Compiler Ancestry

While compiling the compiler the other day on this very server, I had some time to think about compilation. The server's running Gentoo Linux, a BSD-like distribution that exercises the compiler more than most; all software packages and updates are delivered as source code.

For the uninitiated (you lucky rascals), a compiler is a computer program that translates human-writable commands (a.k.a. "source code") into computer-readable instructions (a.k.a. "machine language"). Source code is written in a variety of programming languages, most of which look like over-punctuated algebra for dimwits. Machine language is nothing but strings of ones and zeros, intelligible only to the central circuitry of the computer and spectacled and suspender'd 70s-era code jockeys who fancy this skill impressive.

As with any computer program, compilers themselves must be compiled into machine language before the computer can run their instructions. It's a little bit chicken 'n egg: you need a compiler to build a compiler.

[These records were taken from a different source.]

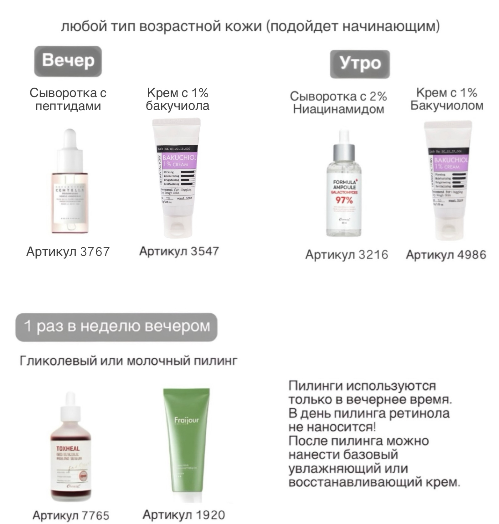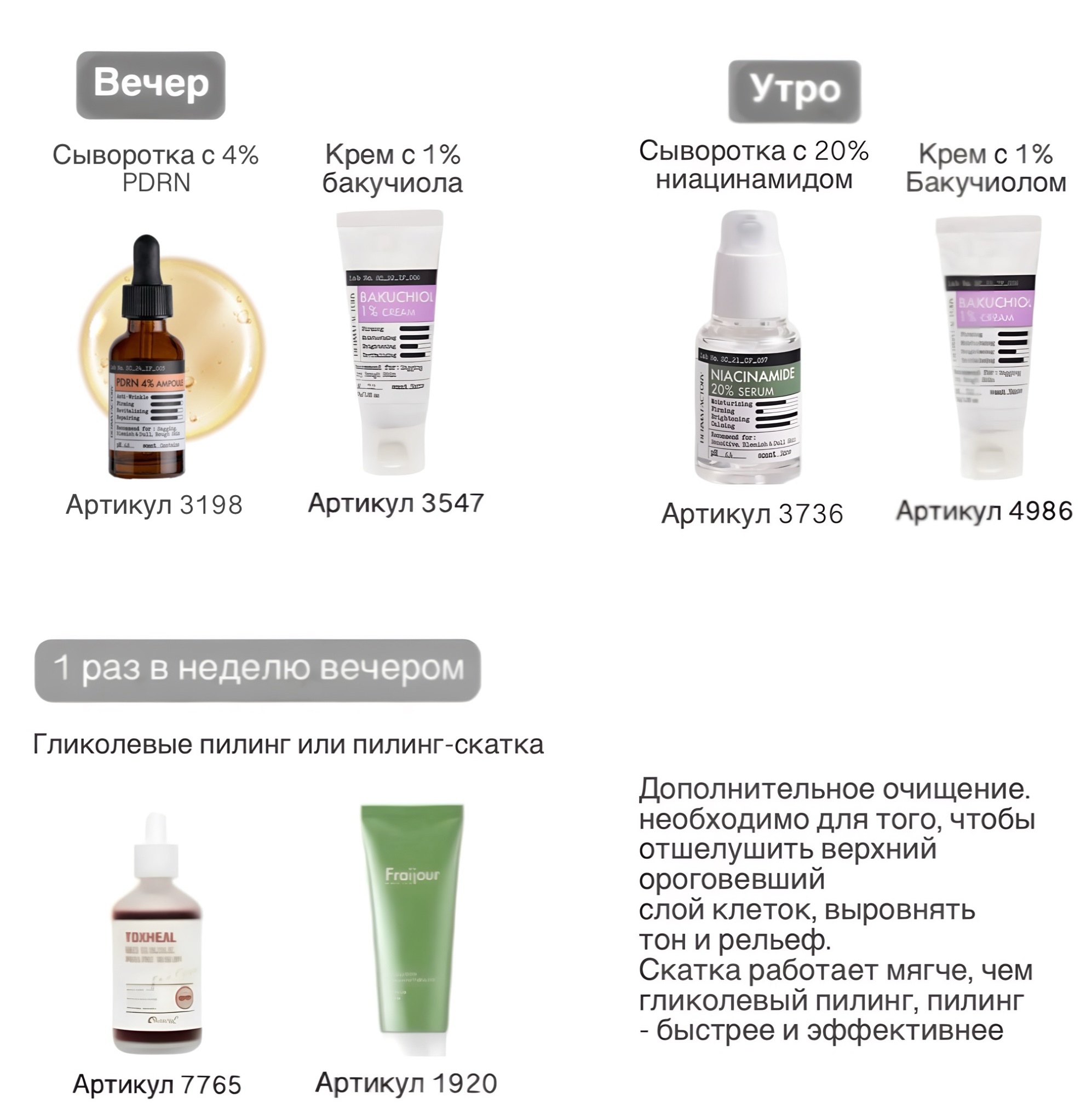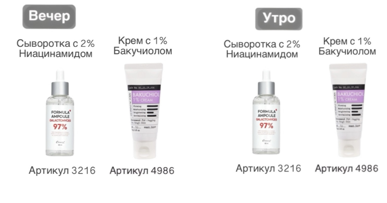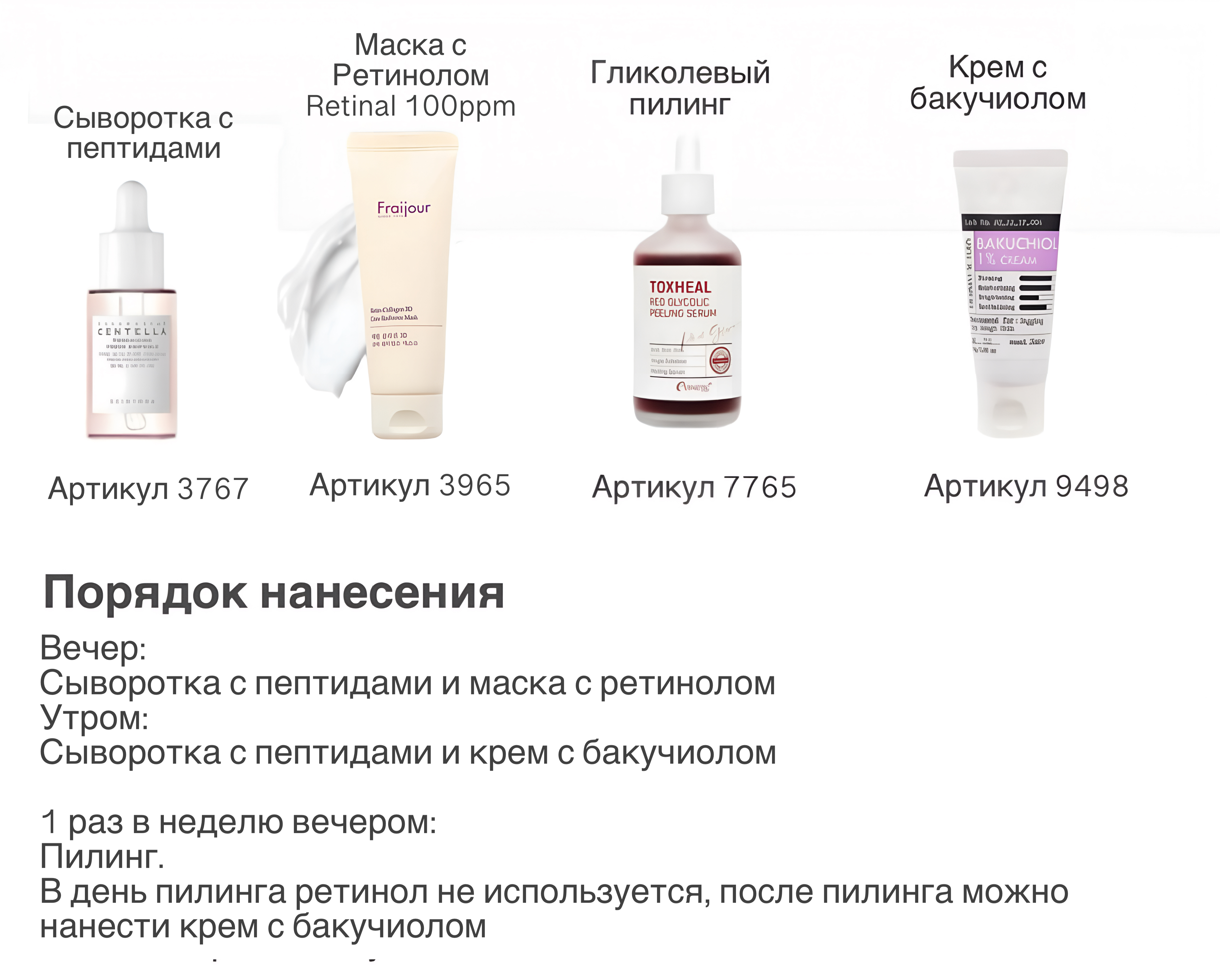 пример ухода для всех типов кожи, в том числе - не знакомой с ниацинамидом и ретинолом
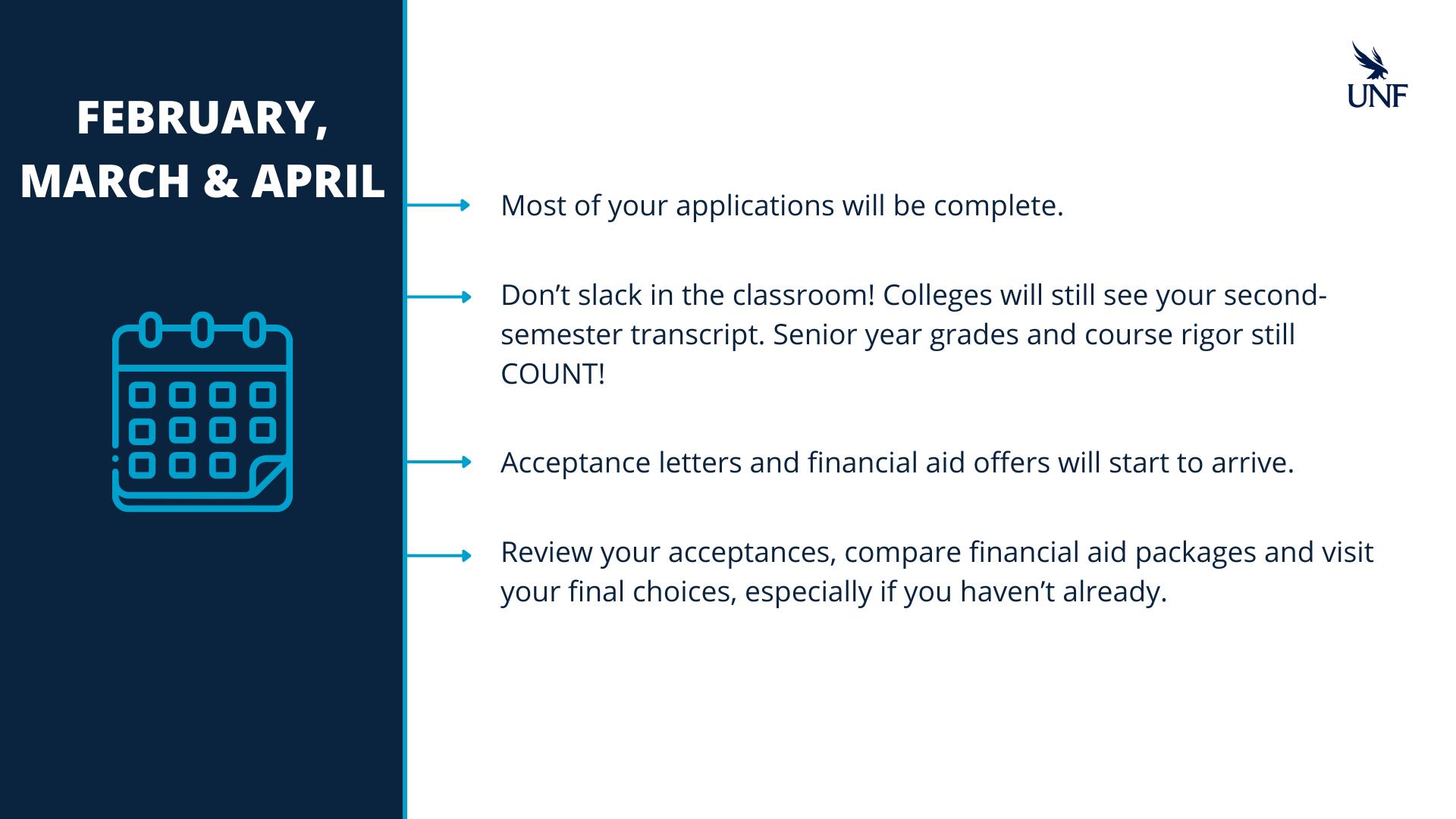 • Complete the Florida Financial Aid Application (FFAA) during senior year of high school beginning October 1, but no later than August 31 after high school graduation
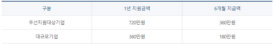 - 지원대상 근로자를 고용하고 6개월 이상 고용을 유지한 경우 1년간 매 6개월마다 지급
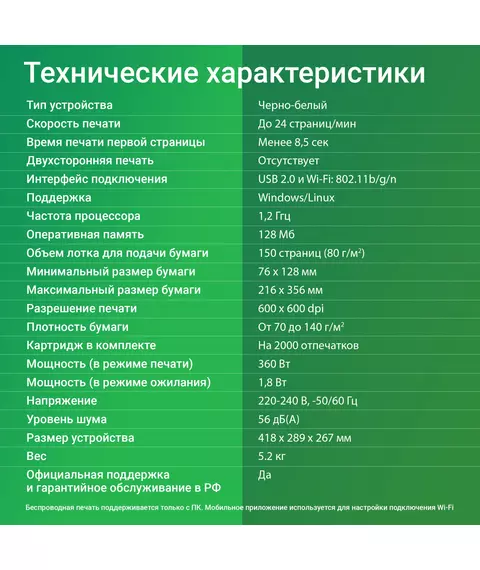 | Скорость печати ЧБ А4 (до) | 24 стр/мин |
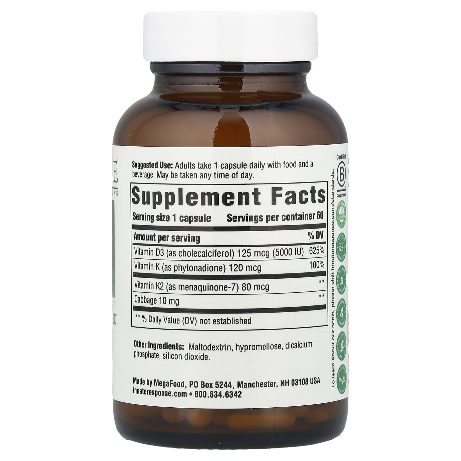 | Витамин D3 (в виде холекальциферола) | 125 мкг (5000 МЕ) | 625% |
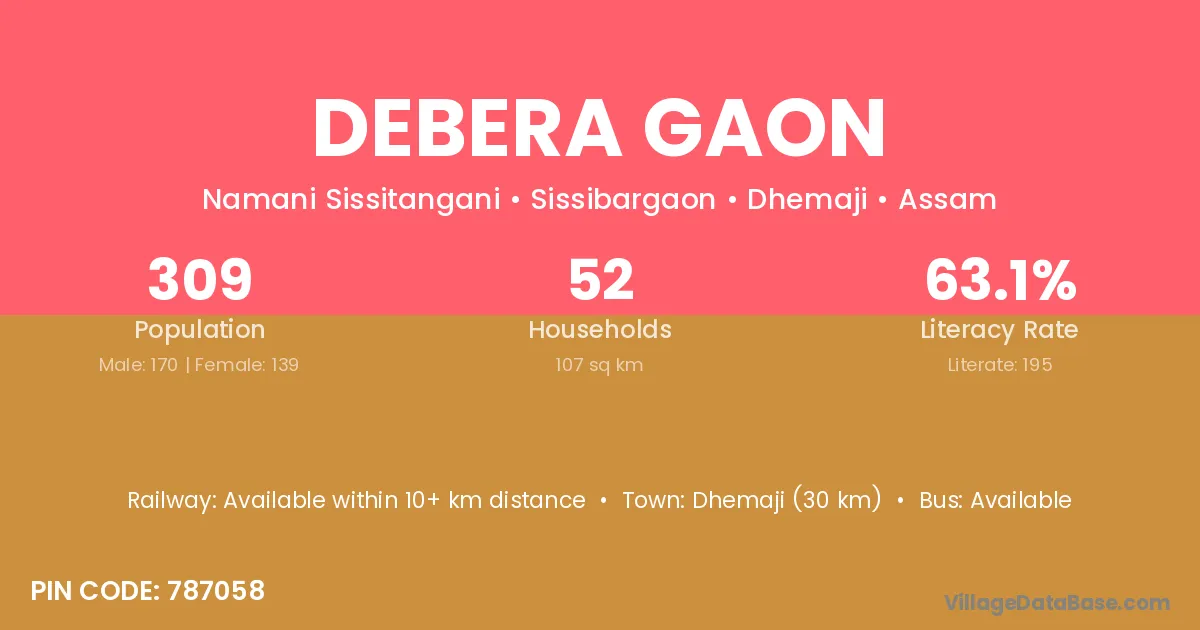 Dhemaji (30 km) is the nearest town to Debera Gaon village for major economic activities and is located approximately 30 km away.

Of course, just as we have chickens, we have compilers, so this is somehow possible. The way that it's done is that an earlier version of a compiler is used to compile the source code for the most recent version (which has new features, performance enhancements, bug fixes, etc.). There's always a second step though: the newly-compiled version must then compile its own source code once again -- so that it incorporates all of its own improvements.

And if that weren't enough, compilers can also jump across different computer architectures -- from a Sun UltraSPARC to an AMD Opteron, for example -- through a technique called "cross compilation". In this case a compiler runs on one architecture and emits the machine language instructions for a different target platform. The compiled machine language is copied over to the target machine where it then can be used to recompile its source code all over again on the target architecture. In analogy-speak, our chicken lays a turkey egg.

The upshot of all this is that each compiler is built from its ancestor, which is built from its ancestor, and so on. It almost seems possible to trace the chain all the way back to the Adam Compiler.

For instance, I'm running GCC, a compiler for the C programming language, version 3.4.6-r1 on the server. There is a history of GCC releases that traces back to version 0.9 in 1987. Now that's where the GCC lineage ends, because the first versions were written by Richard Stallman, ostensibly from scratch since his GNU Project abides nothing but free (as in speech) software, and there were no free C compilers at that time. Bootstrapping a new compiler out of thin air is a "non-trivial" task.

What chain of versions leads back from my compiler to Stallman's initial release 19 years ago? Which people ran make on which computers with which versions of GCC? It must've been a pretty tortuous path from the halls of MIT to this Yukon yokel.